AK boss Isaiah Kiplagat: Hollow directives

Some of our sporting association bosses get so intoxicated with their positions they begin to act like they are a government. Worse, they wantonly issuing decrees, bans and threats that infringe on the very laws of this land.

Take the case of Athletic Kenya and their chairman Isaiah Kiplagat. Sometimes early this year Kiplagat went on the warpath. His battle was with AK’s pet punching bag, athletics agents, for cheating and mistreating athletes.

He announced the banning of four agents. Kiplagat, apparently does not seem to like agents and has intermittently threatened them with dire consequences, the way a school master reads the riot act to pesky students.

But wait a minute. How could AK do this? Did they even have the legal powers to issue such orders. If the agent violates a contract with an athlete the remedy lies in a civil court not the whimsical announcements of an AK top dog.

This week Kiplagat was barking again, ordering the immediate closure of an athletics club in Kericho over allegations for sexual exploitation of female runners.

I am in no way condoning men having sex with under-age girls or marrying them altogether as was coming out in Kiplagat’s accusations. I also do not want to dabble in the political intrigues between North Rift and South Rift, which I hear are behind the latest AK outburst.

Laughable

But it is laughable for AK to order a legally registered private entity to shut down. Does AK or Kiplagat for that matter have such powers? But for the sake of it, let’s play along. Okay, AK issue their decree which is then ignored by the training club.

Does AK then storm the camp with police to arrest the owners? On what grounds? That an athlete got pregnant and got married.

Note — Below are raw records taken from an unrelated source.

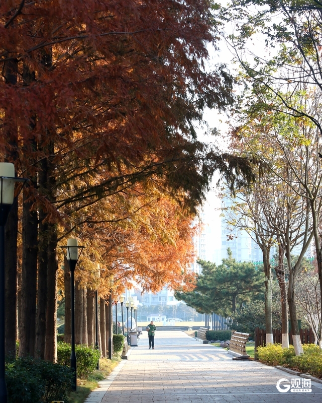 青岛的四季,各有各的美,各有各的韵味。虽“大雪”已过,青岛却是秋色未尽,彩叶漫枝头。在青岛西海岸新区唐岛湾湿地公园北岸,火红的枫叶、苍翠的松树、焦糖色的水杉……色彩斑斓、如诗似画。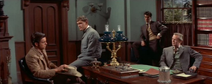 Hot-tempered self-made cattle baron Matt Devereaux (Tracy) feuds with his sons (Richard Widmark, Earl Holliman, Hugh O’Brian, Robert Wagner) over direction of the ranch, over whether to act within or outside the law, over money, power, love; over pretty much everything really. There’s action a-plenty as Matt decides to take the law into his own hands by attacking a powerful copper mining company that is polluting the water and killing his cattle. He is arraigned and faces trial. The excellent Russell Simpson is the judge, so he should be alright.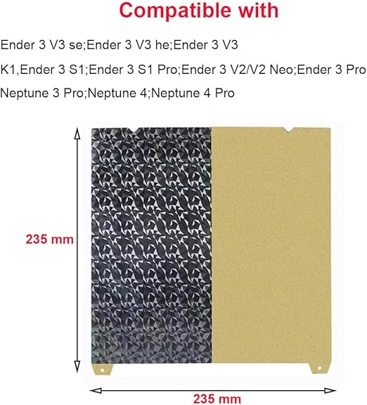 PEO+PEI with dimensions 235×235 mm is compatible with the 3D printer K1/Ender 5 S1/Ender 3 S1 Pro/Ender 3 S1/Ender 3 V2 Neo/Ender 3 V2.

That reason would never stand in law.

The much AK can do is bar the athletes and the owners of that camp from participating in AK sanctioned events. I am surprised AK got coverage on this matter.

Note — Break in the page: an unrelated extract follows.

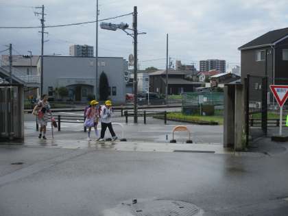 子どもたちが登校するころに雨が上がりました。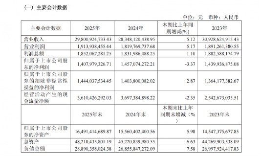 3月31日,深圳燃气(601139.SH)披露2025年年度报告。在能源市场波动及行业转型压力下,公司全年实现营业收入298.01亿元,同比增长5.12%;受部分业务阶段性调整影响,归母净利润14.08亿元,同比下降3.37%;扣非归母净利润14.44亿元,同比增长2.87%。

Perhaps there should have been more coverage on a report by Transparency International last week that levels of transparency and accountability are extremely low in sports particularly when it came to publicly sharing information. It said this was brought about by weak governance structures and led to abuses.

You just need to look at the modus operandi of our associations to appreciate the gravity of IT’s observations. Take the case of Football Kenya Limited.

Routinely, attendance figures at international home matches never tally with the officials ones. FKL signed a Sh27-million broadcast right deal with Sport Five this year. Not a word from them on how and when the money will/was paid and how it will be used.

KRFU touts its squeaky clean image. But they have a log in their eye. I cannot recall them ever releasing official attendance figures and gate receipts for the annual, hugely successful, perennially sold-out Tusker Safari Sevens.

But it is not all gloom in sports. I found it shocking, but pleasantly welcome, when two, old as Kenyan football history, arch-rivals, AFC Leopards and Gor Mahia, had their respective fans team up to support both sides.

These two clubs, whose supporters have regularly clashed sometimes violently and virulently, are now sharing the same side of the stand at the stadium to jointly cheer their beloved clubs. It is so “unfootball” and so beautiful, while it lasts.